AI disruption is eroding the value of software-as-a-service borrowers that make up 20% to 30% of many portfolios. Elevated leverage from the low-rate era and a high-rate refinancing environment are compressing margins across the borrower base.
Forced selling of liquid assets to meet redemptions, widening credit spreads that reprice equities, and banking sector exposure to fund financing lines all create transmission channels from private credit stress into public market indices.
The scale is different, but the structural concern is similar: a liquidity mismatch between what investors expect (periodic withdrawals) and what the underlying assets allow (multi-year loan maturities).
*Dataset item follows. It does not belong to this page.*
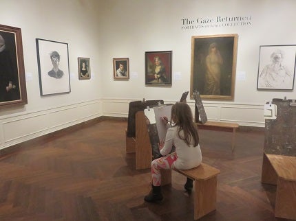 On the upper level, you will find another kid-favorite: a portrait gallery with easels, mirrors, and other supplies where visitors can attempt their own images. Nearby, my children also oohh’d and aahh’d over an oversized ship replica and tried their hand at learning how to tie sailor knots. After about two hours, my little art scavengers left the museum happy, especially after the friendly front desk staff rewarded their completion of the I Spy challenge.

Morgan Stanley noted that an 8% default rate would be “significant but not systemic,” given lower leverage than 2008.
Private credit spent a decade marketing itself as a bond alternative with equity-like returns and deposit-like stability, a combination that was always a product of low rates, loose underwriting, and a rising market.
The Q1 2026 redemption wave is the first test of what happens when those conditions reverse, and the defaults projected by Morgan Stanley have not fully materialized yet.
The refinancing wall does not peak until 2029, and AI disruption of software borrowers is still in early stages. The cracks are visible now, and the question is how wide they get before the cycle turns.
Disclaimer: This article is for informational purposes only and does not constitute financial advice. Always conduct your own research before making trading decisions.